Reputation: 122168
I have a file and it has some header lines, e.g.
header1 lines: somehting something
more headers then
somehting something
----
this is where the data starts
yes data... lots of foo barring bar fooing data.
...
...
I've skipped the header lines by looping and running file.readlines()
, other than looping and concating the rest of the lines, how else can i read the rest of the lines?
x = """header1 lines: somehting something
more headers then
somehting something
----
this is where the data starts
yes data... lots of foo barring bar fooing data.
...
..."""
with open('test.txt','w') as fout:
print>>fout, x
fin = open('test.txt','r')
for _ in range(5): fin.readline();
rest = "\n".join([i for i in fin.readline()])
Upvotes: 1
Views: 5175
Reputation: 1123830
.readlines()
reads the all data in the file, in one go. There are no more lines to read after the first call.
You probably wanted to use .readline()
(no s
, singular) instead:
with open('test.txt','r') as fin:
for _ in range(5): fin.readline()
rest = "\n".join(fin.readlines())
Note that because .readlines()
returns a list already, you don't need to loop over the items. You could also just use .read()
to read in the remainder of the file:
with open('test.txt','r') as fin:
for _ in range(5): fin.readline()
rest = fin.read()
Alternatively, treat the file object as an iterable, and using itertools.islice()
slice the iterable to skip the first five lines:
from itertools import islice
with open('test.txt','r') as fin:
all_but_the_first_five = list(islice(fin, 5, None))
This does produce lines, not one large string, but if you are processing the input file line by line, that usually is preferable anyway. You can loop directly over the slice and handle lines:
with open('test.txt','r') as fin:
for line in list(islice(fin, 5, None)):
# process line, first 5 will have been skipped
Don't mix using a file object as an iterable and .readline()
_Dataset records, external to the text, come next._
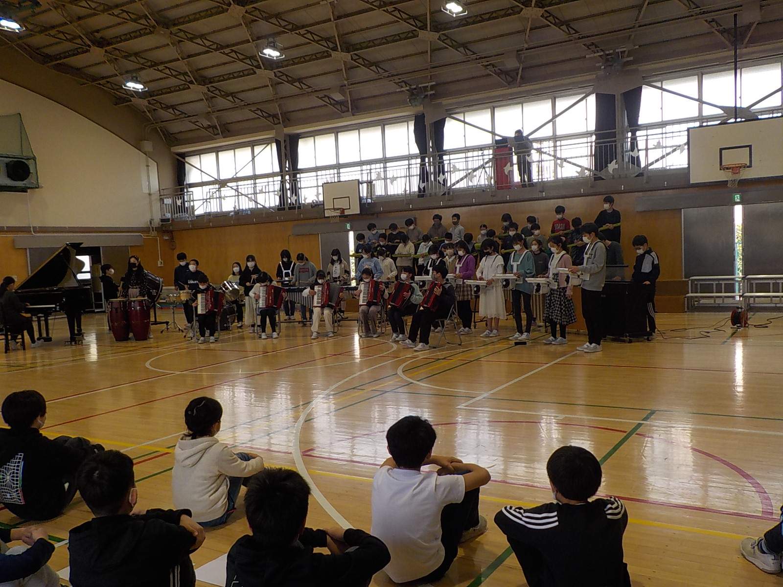 6年生を送る会を行いました。昨年に続く感染対策で、各学年が体育館に入れ替わり、それぞれの出し物で感謝の気持ちを表しました。6年生からは「群青」の合奏をお返しに披露してもらいました。5年生以外はオンラインで演奏を聴くことになりましたが、最高学年としての立派な姿と演奏をそれぞれの心に焼き付けることができました。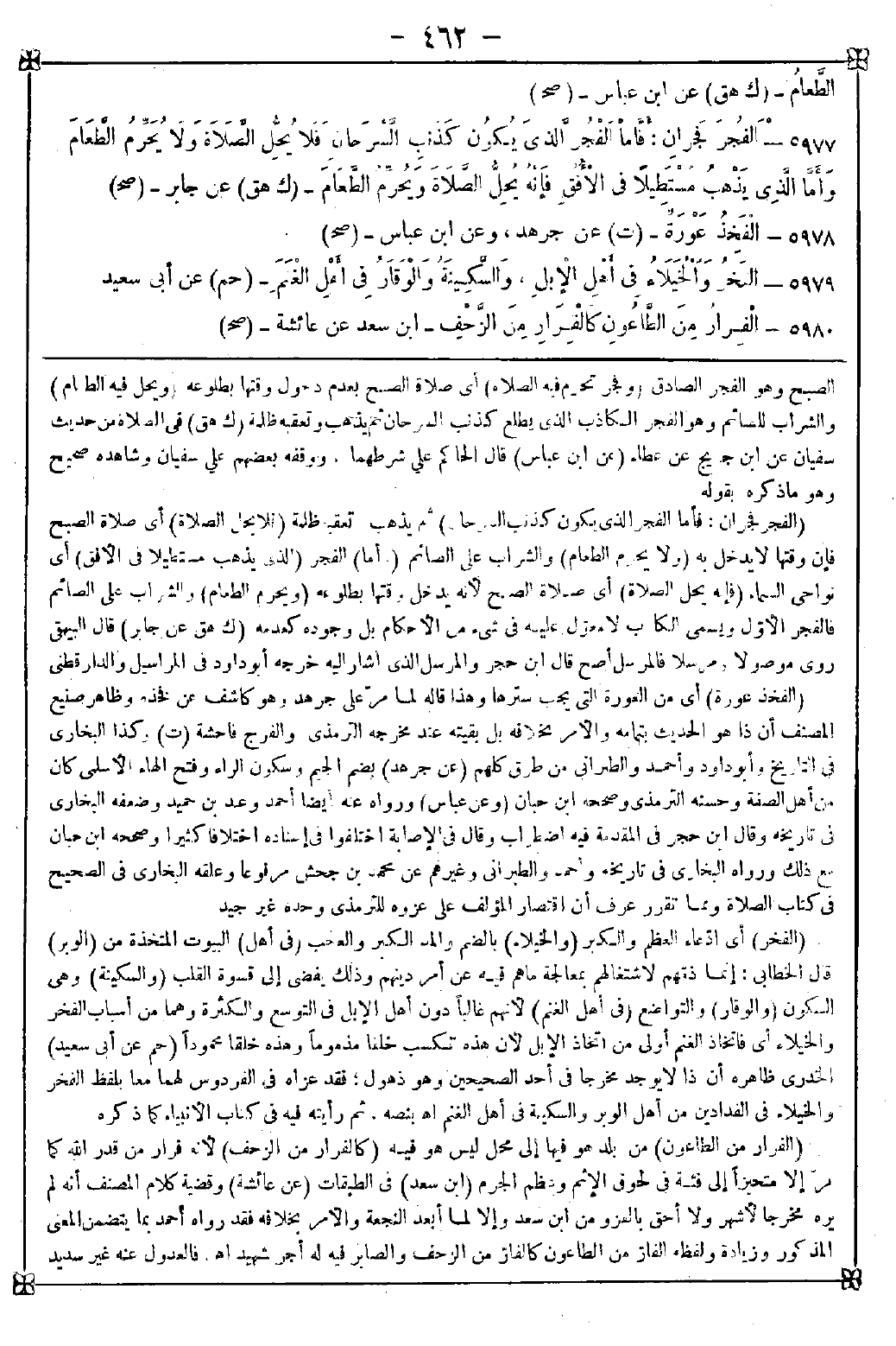 5977 - (الفجر فجران: فأما الفجر الذي يكون كذنب السرحان) ثم يذهب تعقبه ظلمة (فلا يحل الصلاة) أي صلاة الصبح أي وقتها لا يدخل به (ولا يحرم الطعام) والشراب على الصائم (وأما) الفجر (الذي يذهب مستطيلا في الأفق) أي نواحي السماء (فإنه يحل الصلاة) أي صلاة الصبح لأنه يدخل وقتها بطلوعه (ويحرم الطعام) والشراب على الصائم فالفجر الأول ويسمى الكاذب لا معول عليه في شيء من الأحكام بل وجوده كعدمه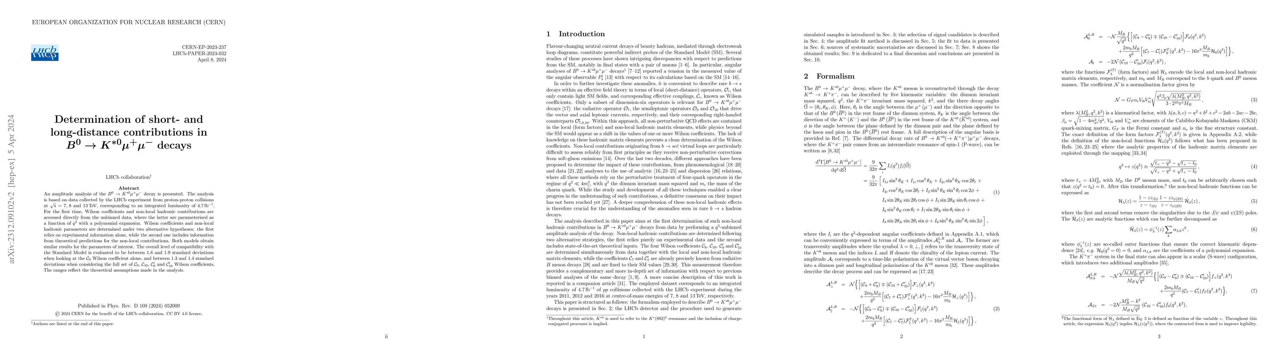 This study analyzes $B^0 \to K^{*0} \mu^+\mu^-$ decays using LHCb data to determine Wilson coefficients and non-local hadronic contributions, finding compatibility with the Standard Model within 1.3-1.9 standard deviations. Both experimental and theoretical-informed models yield similar results.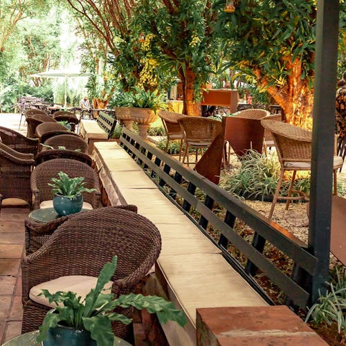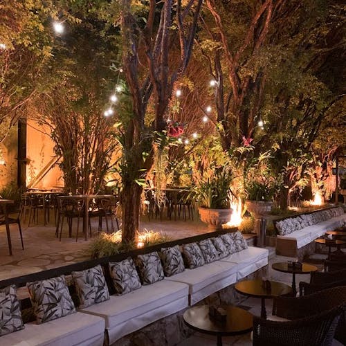 O AMA.ZO fica no espaço do jardim da Casa de Don’Ana - o casarão que falamos antes. Cercado de jabuticabeiras centenárias e muita vegetação desde a entrada, a noite luzinhas se distribuem por todo o ambiente deixando o clima ainda mais aconchegante. Para os dias chuvosos há uma cobertura sutil mas eficiente. As mesas e sofás que compõe o local, ficam com distância agradável umas das outras.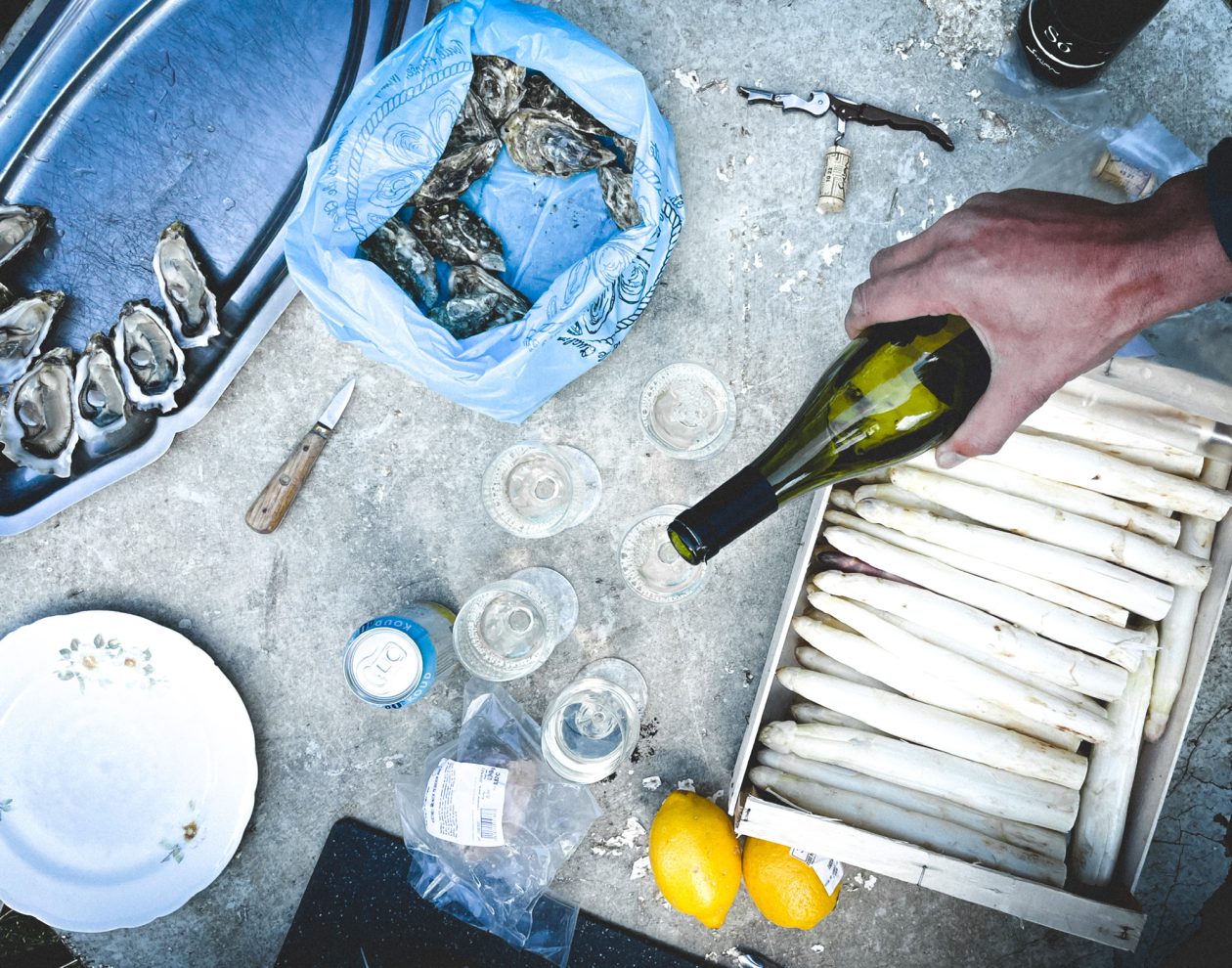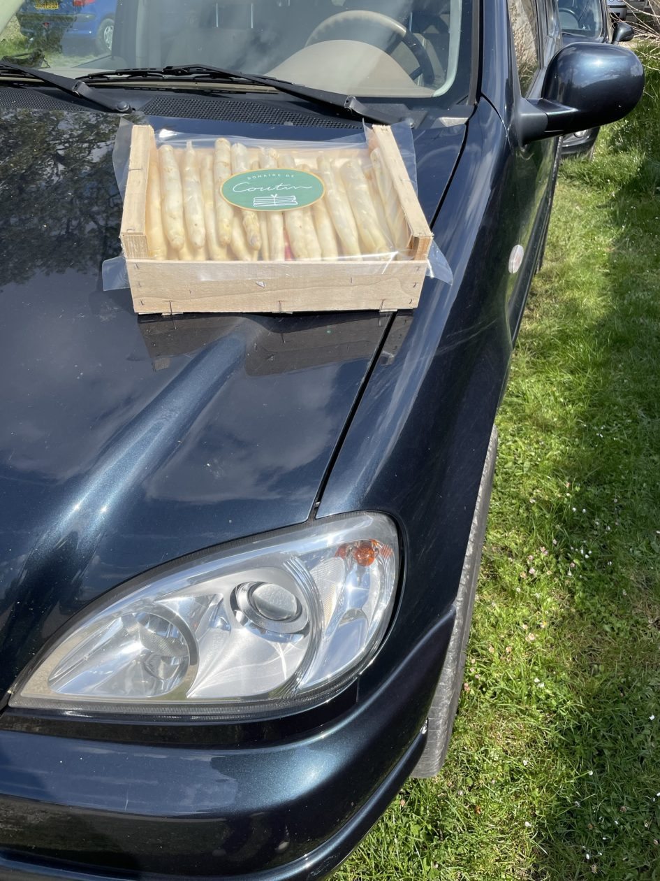 Saint-Laurent-Médoc is een dorpje van niks en voor je het weet rij je er weer uit – toch zijn er op zondag twee plekken waar je verse oesters uit het Bassin van Arcachon kan kopen – er staat een wijnboer naast die uit zijn bestelauto bijpassende wijn verkoopt – iets verderop staan de deuren van een woonhuis open – hier kan je asperges proeven en kopen – natuurlijk staat hier ook een weer een wijnboer met bijpassende wijnen – er word geslurpt – goedkeurend geknikt en de koop gesloten – de achterklep van onze auto kan nog maar net dicht – de zondag lunch is binnen – rustig aan, doucement.

; the iteration protocol as implemented by file objects uses an internal buffer to ensure efficiency that .readline()
doesn't know about; using .readline()
after iteration is liable to return data further on in the file than you expect.
Upvotes: 5
Reputation: 142216
Skip the first 5 lines:
from itertools import islice
with open('yourfile') as fin:
data = list(islice(fin, 5, None))
# or loop line by line still
for line in islice(fin, 5, None):
print line
Upvotes: 1